当たり前を疑うことの難しさ
突然ながら、アメリカの公用語が何かご存じだろうか?
何年か前に公益財団法人日本相撲協会のことで日本で大きな話題が沸いたもののひとつが「相撲は日本の『国技』ではない」ということであった。
もうこの時点でわかった方もいらっしゃるだろうが、アメリカの公用語はないのである。
先日、アメリカ人の友人と「やっぱりアメリカにいると英語ができた方がいいから、もっと頑張らなきゃ…」と話していた時に「Masa、そもそも英語はアメリカの『公用語』ではなくて、みんなが勝手に話しているだけだから、実は英語使わなくていいんだよ」と言われたときのことがあまりに衝撃的だった。

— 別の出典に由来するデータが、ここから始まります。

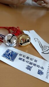 舞台上の太鼓衆から参加者に振る舞われた鈴もゲット。いい音がする~♪

すでに、こちらの方が同じ内容を書かれているために、使わせてもらうと、「公用語」というのはすなわち、「法律で定めてある言語」ということになる。
とはいえ、それが一筋縄でいくものでもなく、参議院法制局の公式ホームページでは、「公用語は日本語であるなどと定める条文はないんだ。ただ、法律上「国語」という用例はあるし、そのような条文は日本語のことを国語といっているのだと理解できるよ。」ということが書いてあるように、解釈によって公用語を定めているように見せている部分もある。
ここでは、「公用語とは?」を話したいのではなく、タイトルの通り「当たり前を疑うことの難しさ」である。
「常識を疑え!」というのは、我々世代(30代)では耳に胼胝ができるほどに聞いてきた内容だと思う。
しかし、そもそも常識は何も気にせずに享受しているからこそ常識なのだから、それを疑うということは非常に難しい。
しかも、アメリカの「公用語」が「英語」なのかどうかを疑ったところで、何か新しいことができるのかと言えば、そうでもない。
せいぜい、蘊蓄が増えていくだけである。
しかしながら、「アメリカの公用語って英語なんだっけ?」という1円の価値にもなりそうにないものを疑う癖をつけておくことで、当たり前を疑うことへの習慣がつくものである。
そういう意味では、「『常識を疑え!』って本当に大事なんだっけ?」というものをさらに疑うという禅問答のようなことにもなり得る。
何が言いたいかと言えば、そんなくだらないことを調べたり考えたりしている時間がただただ楽しいという、主張でもなんでもない内容である。